Provided data START

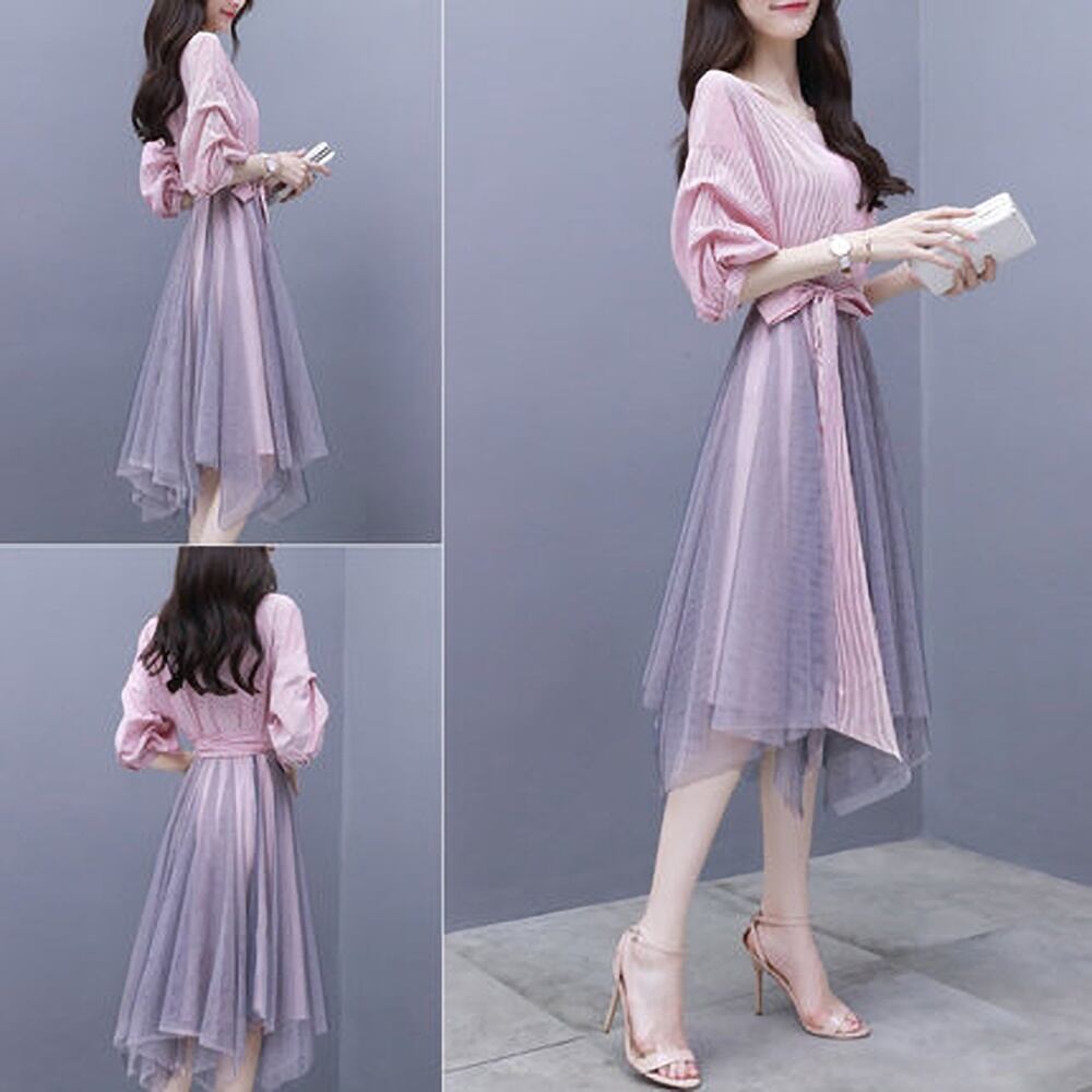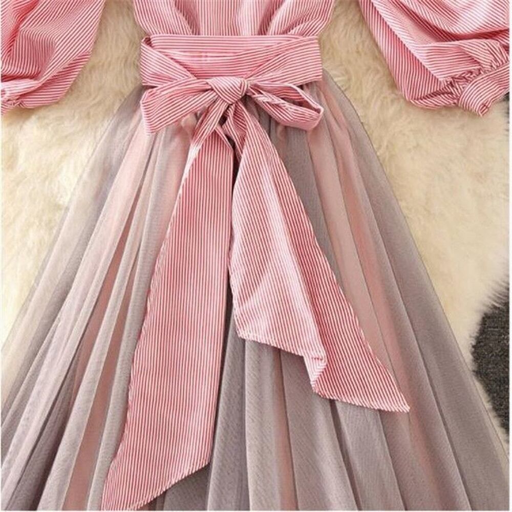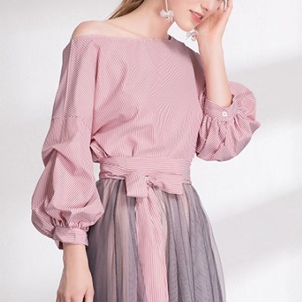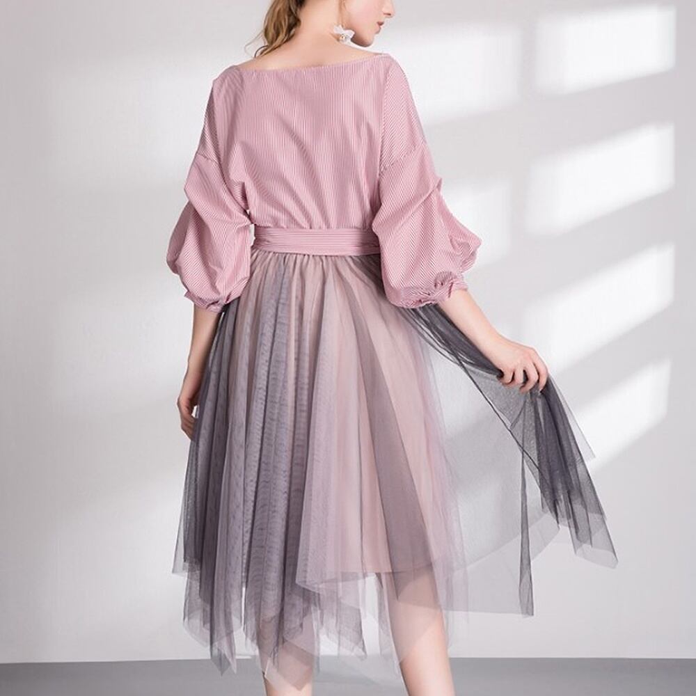 セットアップ ストライプブラウス チュールワンピース S ‐ 2XL *012
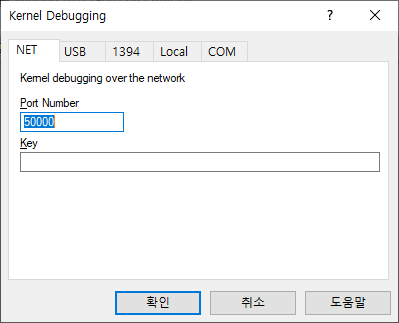 windbg를 실행시켜 [File]-[Kernel Debug]를 선택해 3.에서 설정한 포트 번호와 Key 값을 넣어서 확인을 누른다.
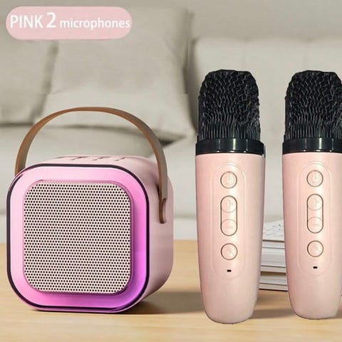 Et portabelt karaokeanlegg utstyrt med to trådløse mikrofoner - har fargerike discolys, et oppladbart litiumbatteri og USB-lading, noe som gjør det perfekt for familiesammenkomster, bursdager, Valentinsgaver.
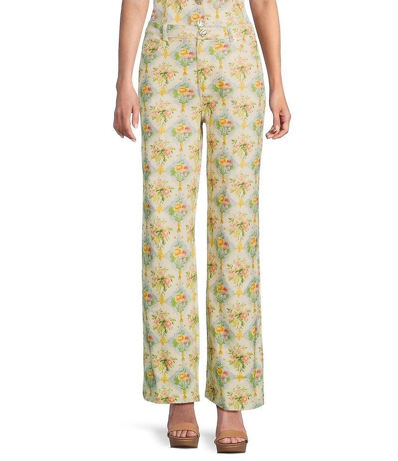From Bailey Rose, these jeans feature: Allover print Mid-rise Belt loops Front button/zip closure Belt loops 5-pocket styling Full length Wide legs Cotton blend Hand wash Imported.

Provided data END

**What is needed**
Word for word and without any pictures, return all of the lines above.

**Result of this task**
 セットアップ ストライプブラウス チュールワンピース S ‐ 2XL *012
 windbg를 실행시켜 [File]-[Kernel Debug]를 선택해 3.에서 설정한 포트 번호와 Key 값을 넣어서 확인을 누른다.
 Et portabelt karaokeanlegg utstyrt med to trådløse mikrofoner - har fargerike discolys, et oppladbart litiumbatteri og USB-lading, noe som gjør det perfekt for familiesammenkomster, bursdager, Valentinsgaver.
From Bailey Rose, these jeans feature: Allover print Mid-rise Belt loops Front button/zip closure Belt loops 5-pocket styling Full length Wide legs Cotton blend Hand wash Imported.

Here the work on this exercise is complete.